128-bit memory interface: This really didn't surprise anyone. A 256-bit memory interface is better for high-end cards, since 128-bit is sort of a bottleneck, but in a mainstream card engineers are instructed to bottleneck things. Generally it's best if they bottleneck things in a way that decreases overall price, but this isn't always the case. The Radeon 9500 and 9500 Pro had a 128-bit memory interface, the GeForce FX 5600 Ultra (the 9600 Pro's opponent) has a 128-bit memory interface. Move along.




So how does it perform? Like I said, not too well, especially compared to its older brother, the Radeon 9500 Pro. AnandTech has benchmarks right here with it alongside the old FX 5600 Ultra (yes, there's a new one now) and the Radeon 9500 Pro: http://www.anandtech.com/video/showdoc.html?i=1812 If you can't stand the pages and pages of sweet, sweet bar graphs, I'll sum it up for you: The 9600 Pro is usually about 70% as fast as the Radeon 9500 Pro, though it gets almost as fast as the older card at some points and (of course) is thoroughly murdered by it at others, especially at higher resolutions.
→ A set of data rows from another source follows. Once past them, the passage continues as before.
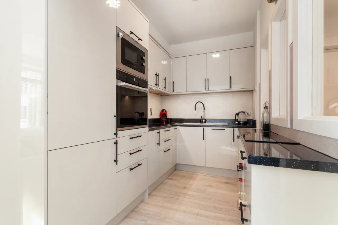 Kitchen 1.971m x 2.779m Impeccibly designed modern U-shaped kitchen with a high gloss finish, contrasting black hardware and granite countertop, complete with ample amounts of storage in the floor and wall-mounted cupboards, integrated fridge/freezer, oven and microwave, electric hob, dishwasher. There are three windows allowing natural light pass through to the entrance hall, while also creating a sense of openness in the room.
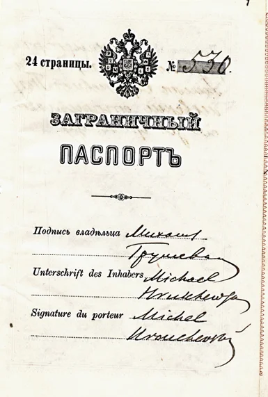 Закордонний паспорт Михайла Грушевського з відмітками
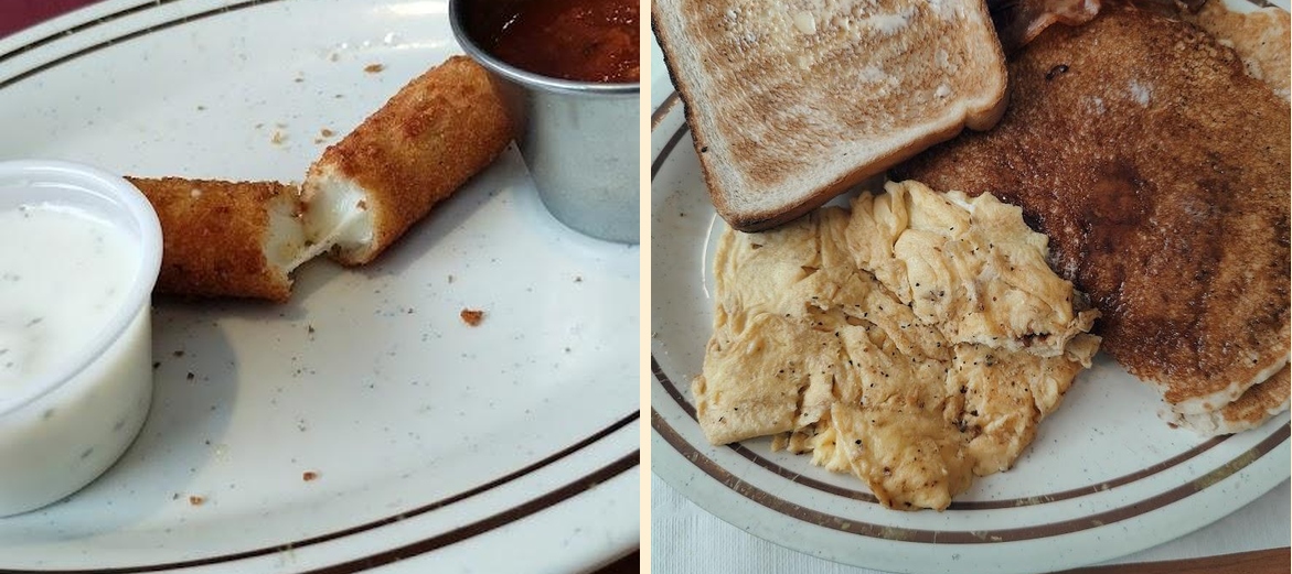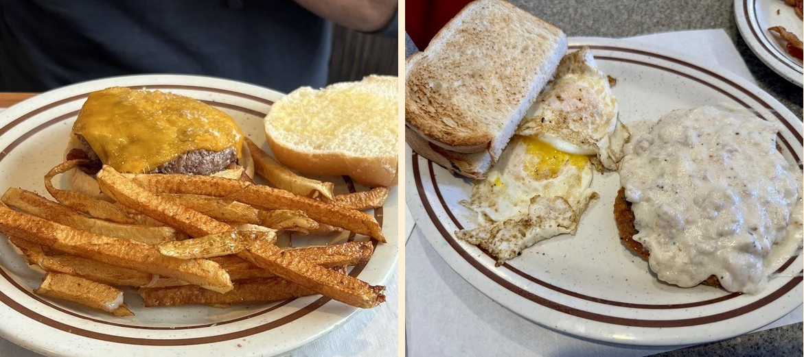 Must-try dishes include the French Toast and Biscuits and Gravy from breakfast. Also, check out the Smothered Chicken and Bacon Cheddar Barbeque Fries for lunch.

However, the Radeon 9500 Pro had a very short production run (expensive to make, too competitive with high-end models), and so after a short time the 9600 Pro (and later the 9600XT) were really the only viable midrange choices on the ATi side of the fence (which, for the R3x0 generation, was the only side most considered worth looking at; the competing GeForce FX series was something of a failure for nVidia).
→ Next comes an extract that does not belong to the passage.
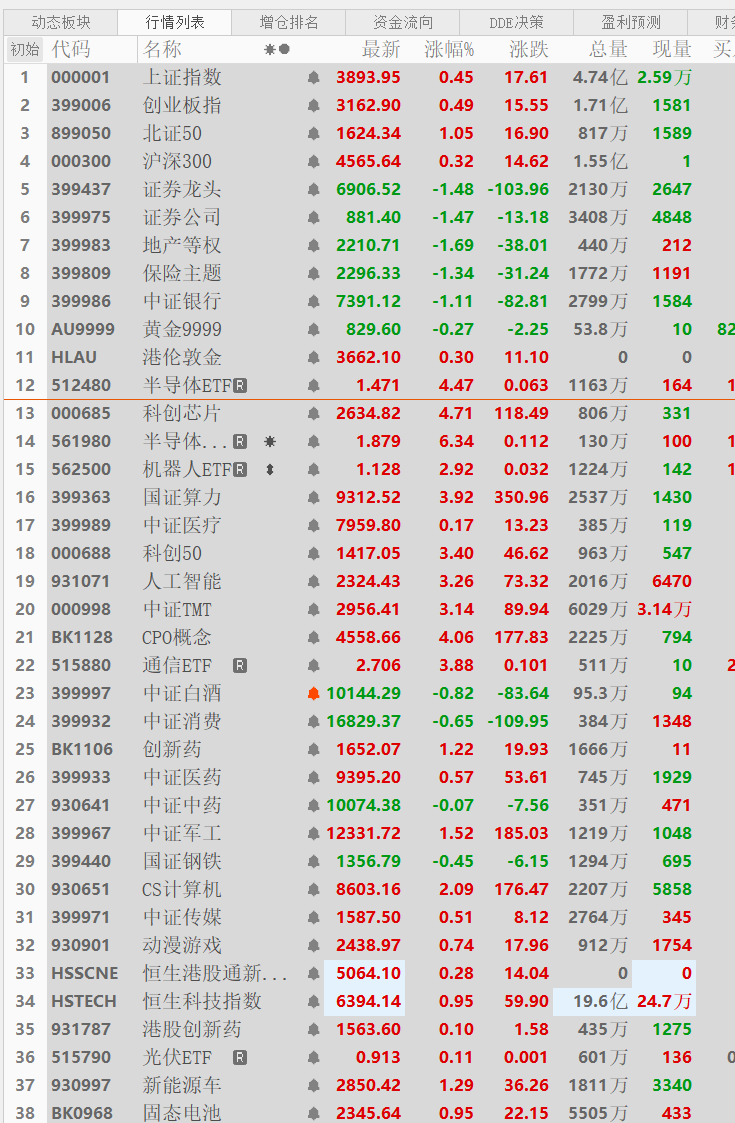 4. 现在美联储降息已经落地,也是如期降息25个基点,大盘今天盘中再创新高,现在很简单了,大龙就坐等大盘3900和4000就好,板块上大龙接下来还是主要围绕科技板块(半导体芯片人工智能机器人CPO等)+港股恒生科技+新能源车创业板光伏固态电池,创业板大龙继续看涨3500点,上午的行情基本就是这样, 今天的基金操作还是下午13:40发出, 不见不散!

lj says re Radeon 9600 , I'm pretty sure ATI's four-pipeline chips are eight-pipeline chips where one or more of the pipelines has a manufacturing defect. Rather than throw the chip in the bin, it has the defective pipeline(s) swiched off, and is stuck on a says budget card. The cost saving comes not from reducing the die size by removing four pipelines, but from an increased yield by finding a use for otherwise worthless chips. (NOTE: This is true, but I'm not sure if it's the case with the 9600 Pro; ATi doesn't make any other 130nm cards. Unless ATi's still working on their next-generation R420 and selling a few defects as RV350, which is quite possible indeed.)
Zerotime says re Radeon 9600: The 9600XT was probably the best mid-range card in Australia at the end of last year... certainly, when I was looking at buying mine it appeared that nobody had bought anything but 9600 and 9800 series cards into the country.